• WORK TASK
Exactly retype the lines below from the one containing "Blue floral design" through the end of the listing. Leave pictures out.

• SUPPLIED DATA
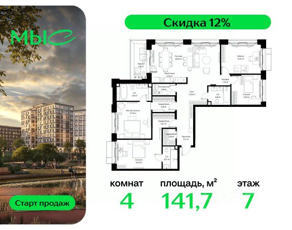 Прямая продажа от застройщика. Продаётся 4-комнатная квартира общей площадью 141.65 м² без отделки в премиальном жилом комплексе "МЫС" на 7-м этаже 12 этажного дома. Квартира расположена в корпусе "Сибирь". Проект МЫС — это, прежде всего, идеальное место для семей. В рамках проекта построят государственную школу, два детских сада и дворец спорта площадью 20 000 м2 с термальным комплексом, выплывным бассейном, фитнес-залом, теннисными, сквош и падел кортами и секциями для детей. На территории площадью, сравнимой с тремя парками Зарядье, появятся кафе и рестораны, пруд с набережной, спортивные и детские площадки, скейт-парк, лыжные и веломаршруты. Расположение: - 2 минуты до скоростной трассы М1 и Минского шоссе; - 10 минут до МКАД; - 15 минут до МЦД Лесной Городок - 20 минут до делового центра "Москва-Сити"; - 28 минут до аэропорта "Внуково". Благоустройство: - велосипедные и лыжные маршруты; - собственная набережная и парк; - лаунж-зоны в окружении природы; - беседки у очага; - дворец спорта площадью 20 000 м²; - термальный комплекс с тремя бассейнами; - 4 теннисных и падел-корта; - 6 сквош-кортов; - многофункциональный спортзал; - скейт-парк; - просторная площадь для прогулок с фонтаном; - детский Клуб с творческими секциями; - гастро-доминанта; - кафе у пруда, рестораны, ритейл. Окружение - соседство с лесным фондом; - школа на 1250 мест и 2 детских сада на 350 и 255 мест; - Дубковский и Подушкинский леса, парк "Рассказовка", Мещерский парк. Действуют специальные условия при 100% оплате, подробности уточняйте у менеджера в офисе продаж.
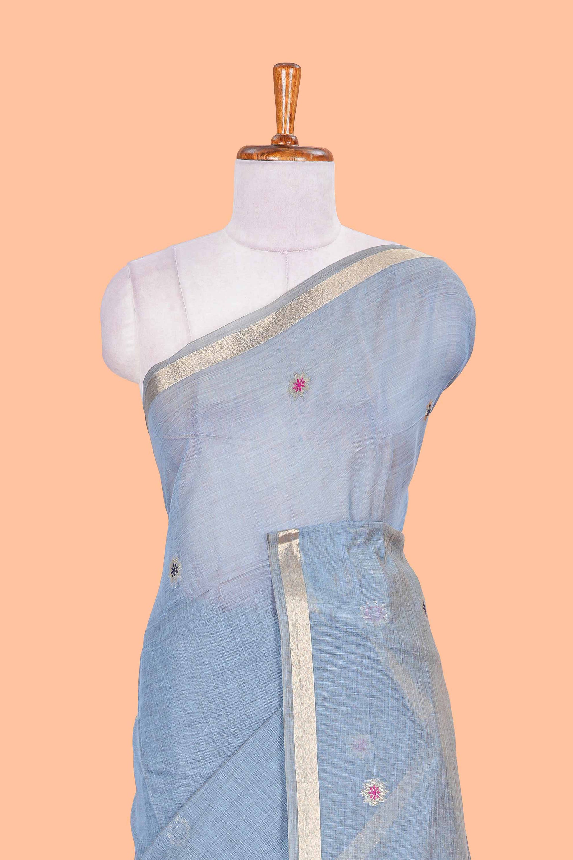 Blue floral design motifs munga cotton saree with self zari border and floral printed pallu
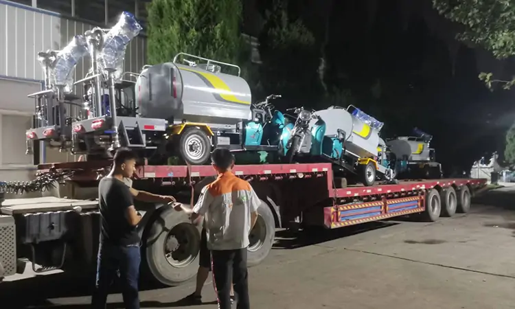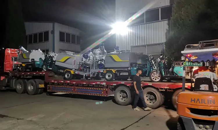 多日的加班加點終于在交貨日當天完成了所有小型電動灑水車的安裝以及調試,經過功能測試開始裝車發貨。此次發往某環衛公司的這批小型電動灑水車配備了對沖,霧炮,高炮等功能,不僅可以用于日常的道路灑水作業,也能用于霧炮降塵,園林澆水,地面高壓沖洗等工作,適用于小區,社區,學校,園區,廠區,鄉鎮等場景。

• SOLUTION TO THE EXERCISE
 Blue floral design motifs munga cotton saree with self zari border and floral printed pallu
 多日的加班加點終于在交貨日當天完成了所有小型電動灑水車的安裝以及調試,經過功能測試開始裝車發貨。此次發往某環衛公司的這批小型電動灑水車配備了對沖,霧炮,高炮等功能,不僅可以用于日常的道路灑水作業,也能用于霧炮降塵,園林澆水,地面高壓沖洗等工作,適用于小區,社區,學校,園區,廠區,鄉鎮等場景。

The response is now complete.